WORK REQUEST:
Before anything else, drop the pictures; then return exactly the lines from the top of the listing through the line with "最初に揚げ玉を揚げる |".

+---+

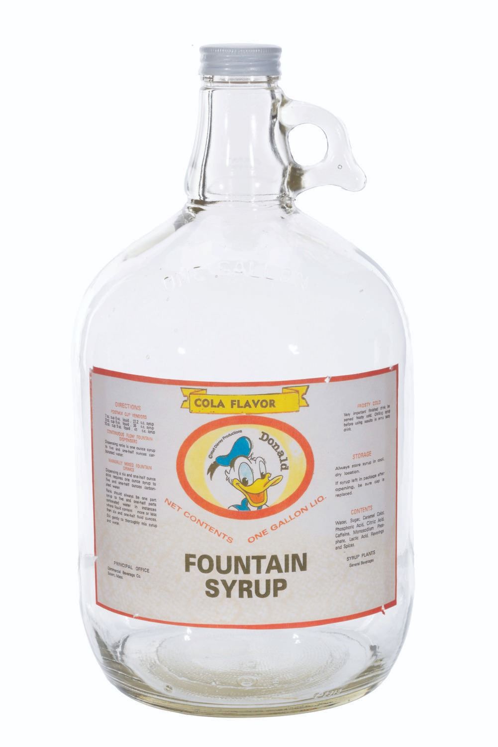 (General Beverages, 1950-60s) An empty one gallon Donald Duck cola flavor fountain syrup jug. Measuring 6” in diameter and 12” tall, the jug is in good condition with stains, scuffs, sugar residue inside, and wear from use.
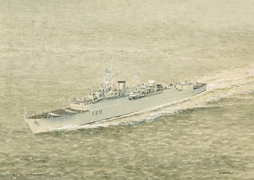 | H.M.S. Verulam and other ships escorting H.M. The Queen in the Royal Yacht 'Britannia' after her world coronation tour 1953 | |
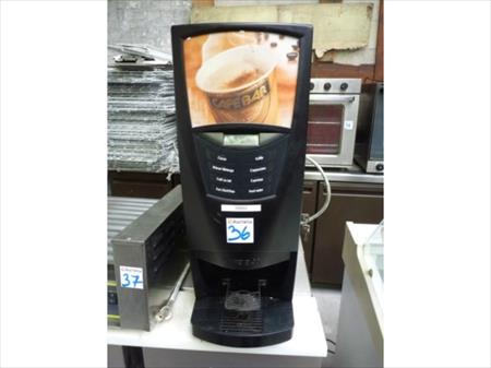 Machine à café et chocolat chaud Marque : Café Bar Modèle : inconnu Tension : 230 V monophasé (pas de cordelière) Dimensions : 24 cm x 50 cm x 64 cm Remarque : système de filtration Brita inclus Etat : testé
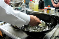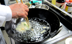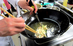 最初に揚げ玉を揚げる |
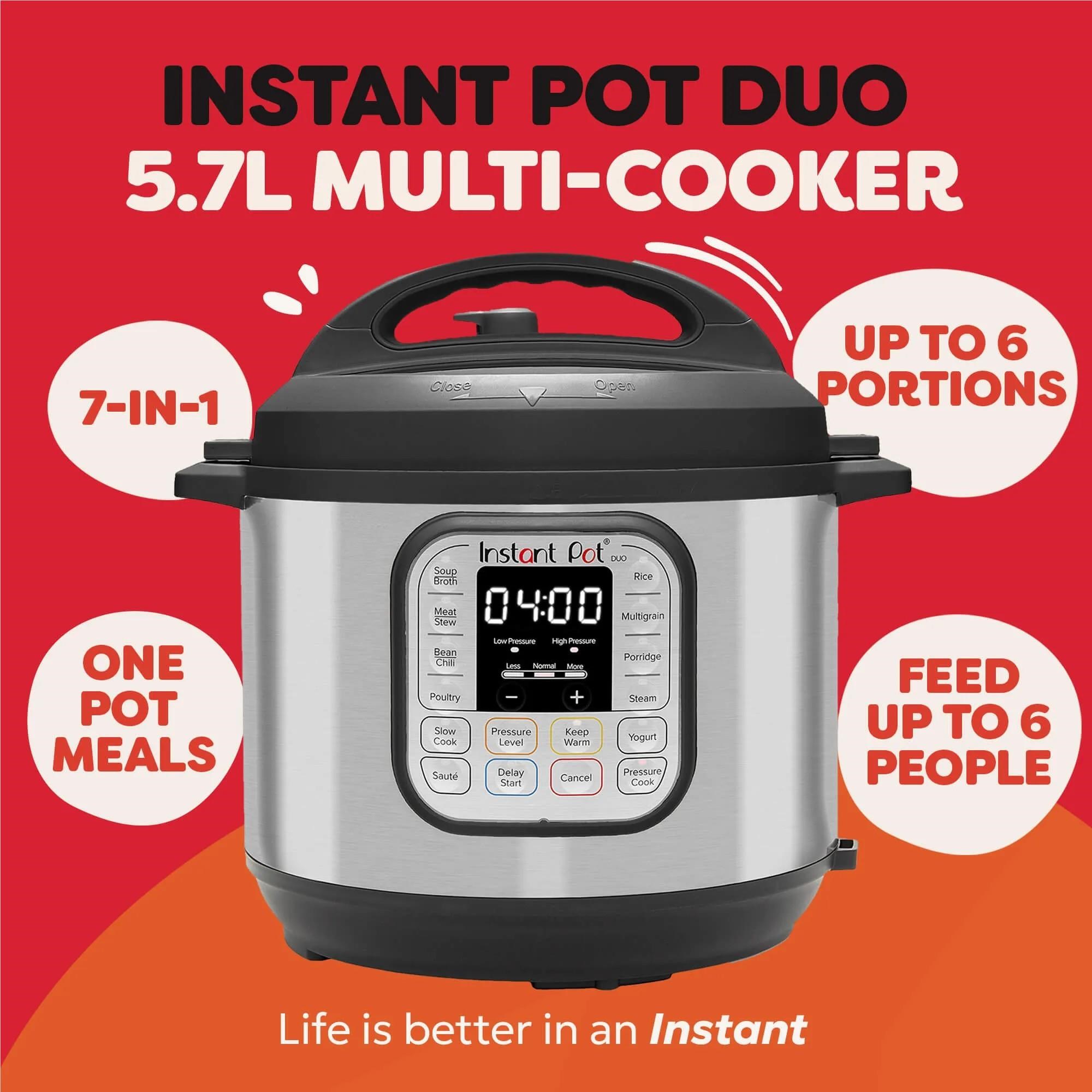 The Instant Pot® Duo™ 5.7L is designed to make cooking simple. easy and convenient. Rethink the way you cook. and step away from the stovetop. this do-it-all countertop appliance makes it easy to create one-pot meals with delicious results. Redefine cooking and enjoy quick and easy meals anywhere. any time.
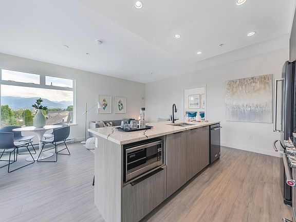 Welcome to ELLA by Trillium Projects! Located at the corner of Grant & Nanaimo, this brand new 2 bed 2 bath (plus flex) corner unit boasts soaring 9'ceilings & tons of light. Be the first to live in this open concept, family-friendly layout w/black S/S appliances, quartz countertops, gas stove & HUGE island. Entertain easily w/bright living/dining & flex space has big corner windows perfect 'work-from-home'. Primary bed fits king & walk-in closet. Step out onto the large balcony & enjoy expansive mountain views. Amenities feature co-working area, indoor/outdoor lounge & terrace, pet/car/bike wash. Ground level shops feat Erin Ireland's To Live For Bakery & more! Minutes away from schools, parks & Commercial Drive restaurants & shopping. Open House: Saturday, June 25th, 2-4PM!
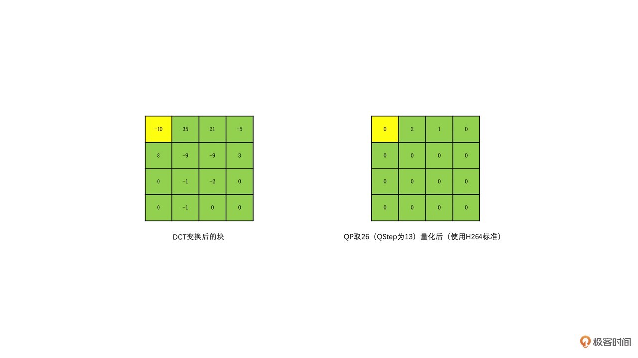 我们让变换块的系数都同时除以一个值,这个值我们称之为量化步长,也就是QStep(QStep是编码器内部的概念,用户一般使用量化参数 QP这个值,QP和QStep一一对应,你可以自行去网上查询一下转换表),得到的结果就是量化后的系数。QStep越大,得到量化后的系数就会越小。同时,相同的QStep值,高频系数值相比低频系数值更小,量化后就更容易变成0。这样一来,我们就可以将大部分高频系数变成0。如下图所示:
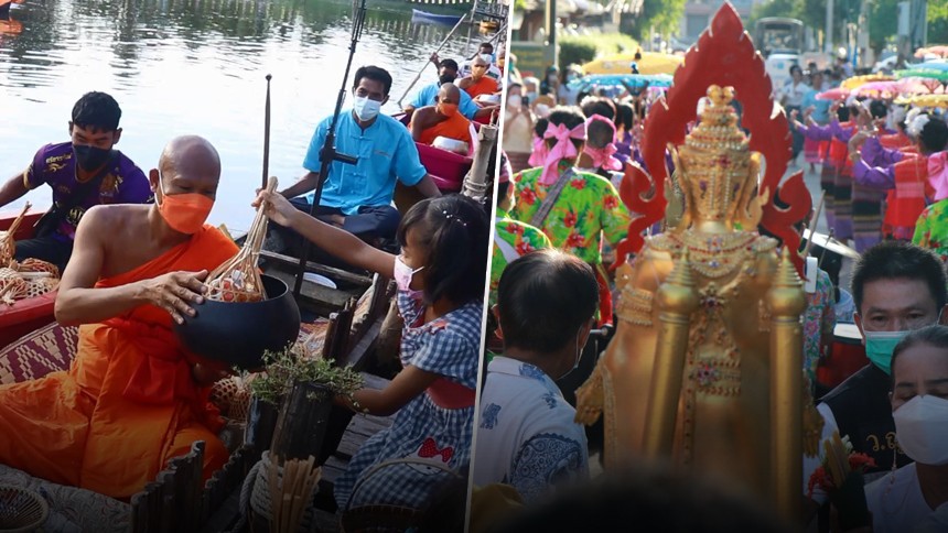 โดยทางวัดได้ทำการตกแต่งเรือ เพื่ออัญเชิญพระพุทธรูป ลงเรือเพื่อให้ประชาชนได้ร่วมทำบุญ ท่ามกลาง เสียงของกลองยาว ของชมรมกลองยาวผู้สูงอายุ ตำบลดงกลาง ที่ลงเรือบรรเลงเพลง ตลอดของลำคลอง ให้ประชาชนได้ร่วมทำบุญตักบาตร กับพระสงฆ์จำนวน 9 รูป นั่งเรือผ่านหน้าแพไม้ไผ่ ที่สร้างเป็นแถวยาวต่อกันไปตลอดของลำคลอง
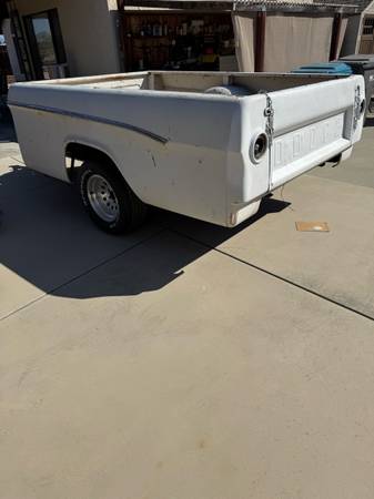 Early 60's Dodge D100 long bed Sweptline utility trailer. Really nice tailgate, up graded rear shocks, nice wheels, great tires.... needs wiring for taillights. No paperwork or VIN. Pickup in...
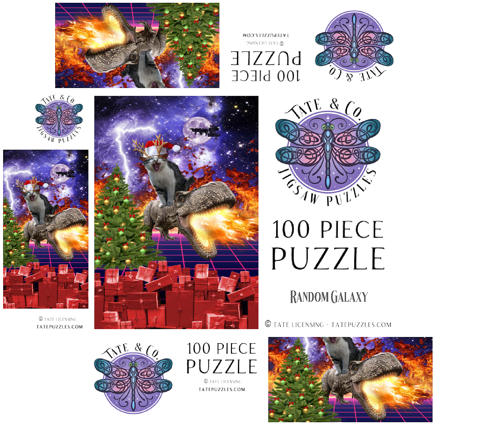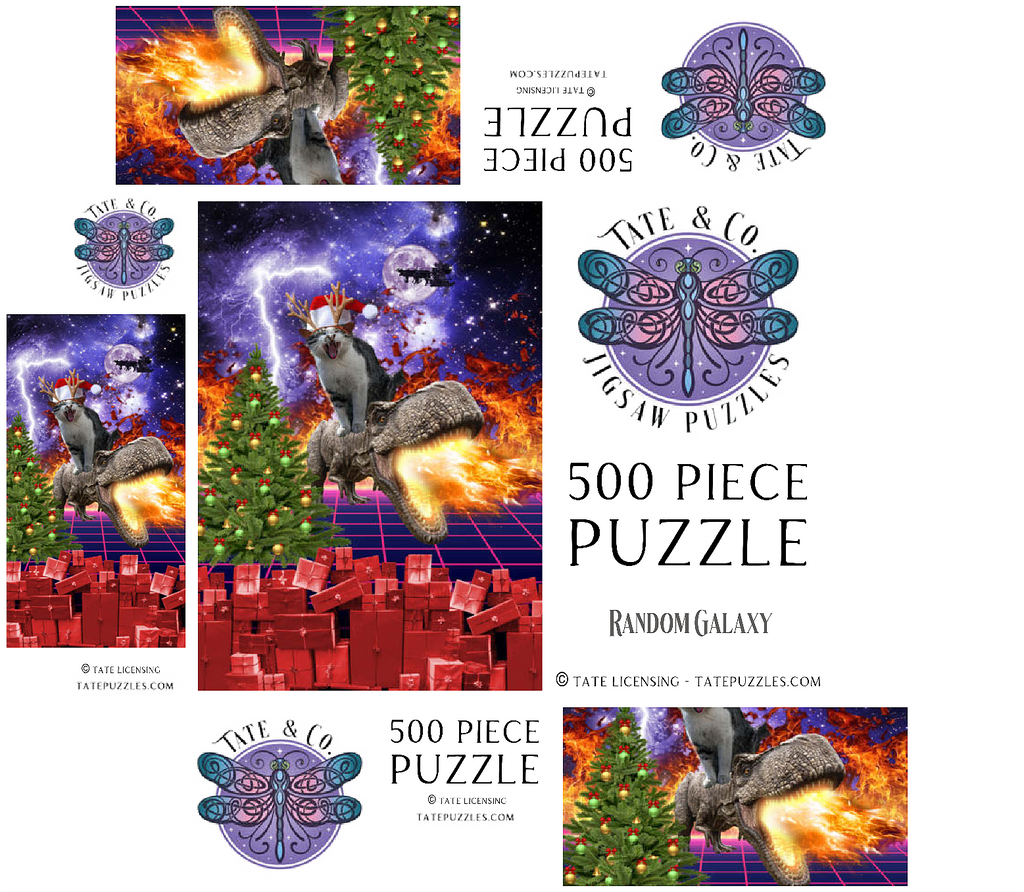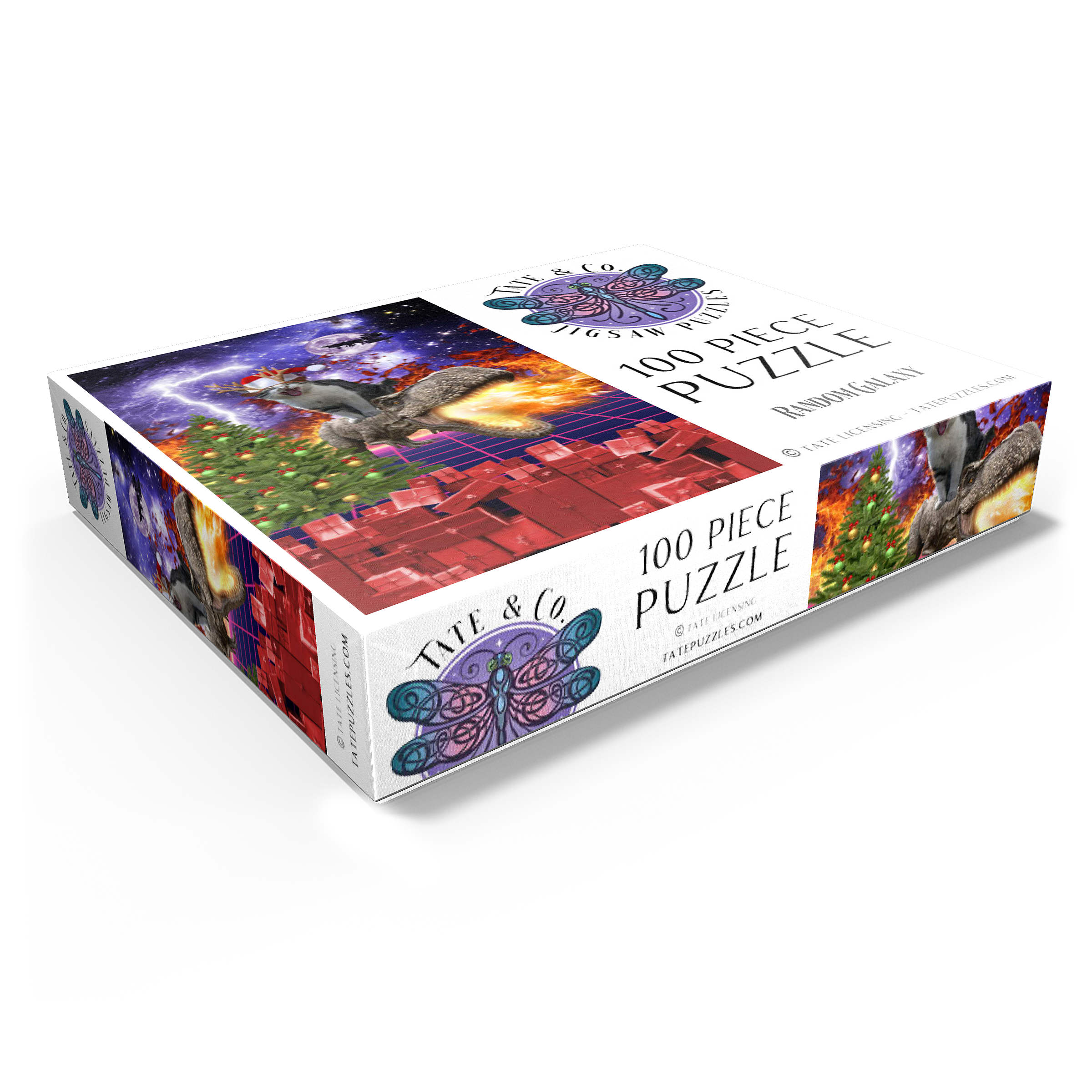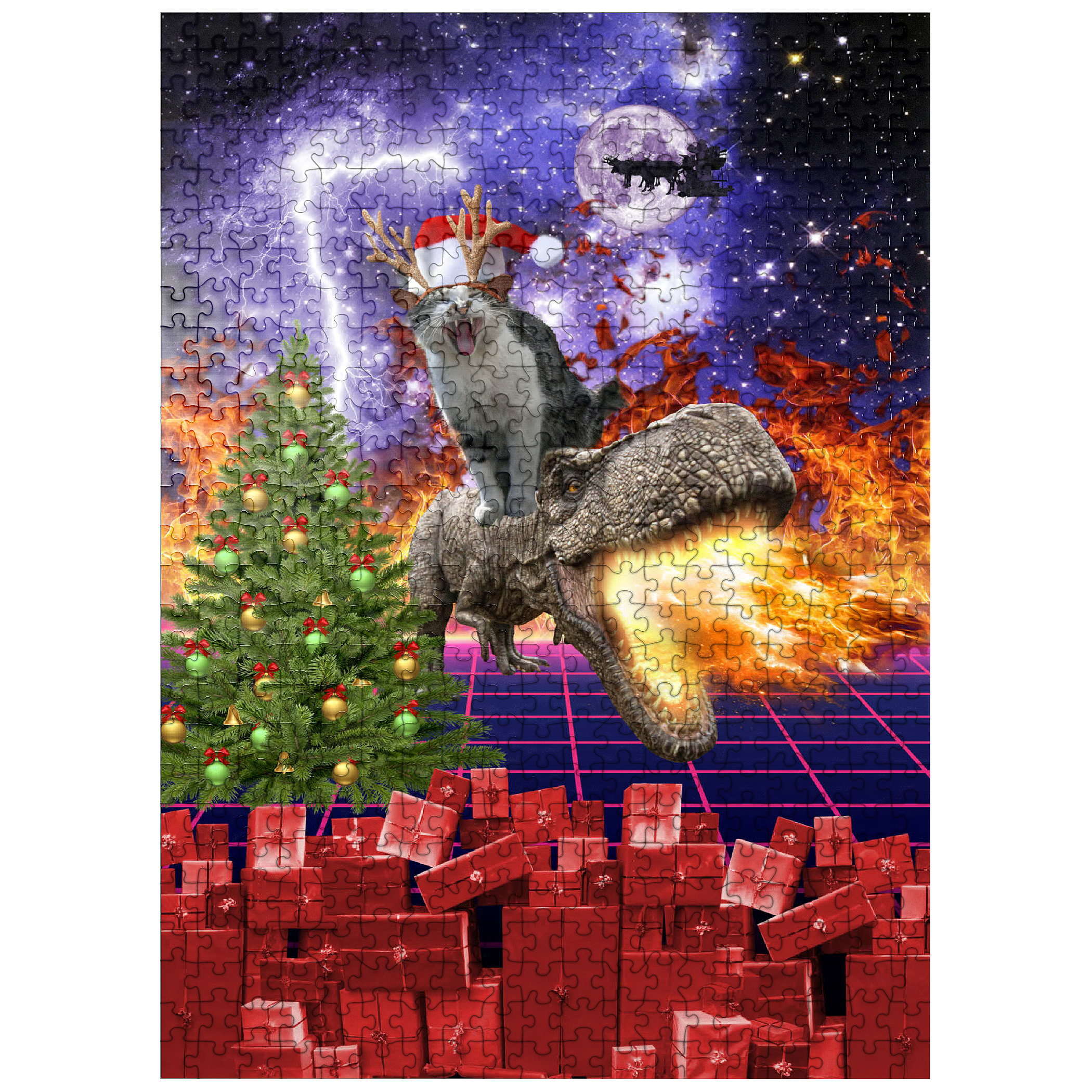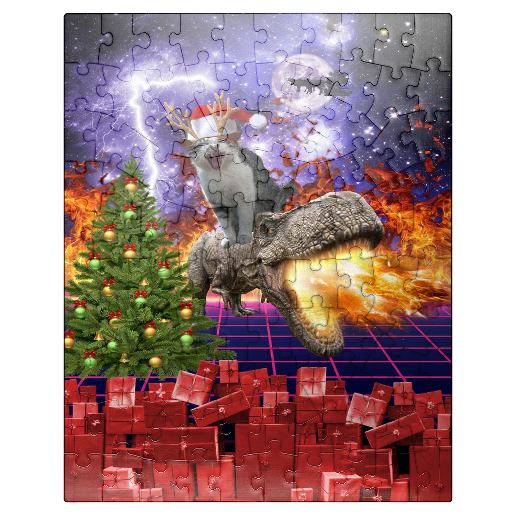 A festive cat dressed as Santa rides a roaring T-Rex across snowy galaxies. Hilariously blending dinosaurs, Christmas cheer, and cosmic absurdity, this Random Galaxy piece is unforgettable.

+---+

RESPONSE AREA:
 (General Beverages, 1950-60s) An empty one gallon Donald Duck cola flavor fountain syrup jug. Measuring 6” in diameter and 12” tall, the jug is in good condition with stains, scuffs, sugar residue inside, and wear from use.
 | H.M.S. Verulam and other ships escorting H.M. The Queen in the Royal Yacht 'Britannia' after her world coronation tour 1953 | |
 Machine à café et chocolat chaud Marque : Café Bar Modèle : inconnu Tension : 230 V monophasé (pas de cordelière) Dimensions : 24 cm x 50 cm x 64 cm Remarque : système de filtration Brita inclus Etat : testé
 最初に揚げ玉を揚げる |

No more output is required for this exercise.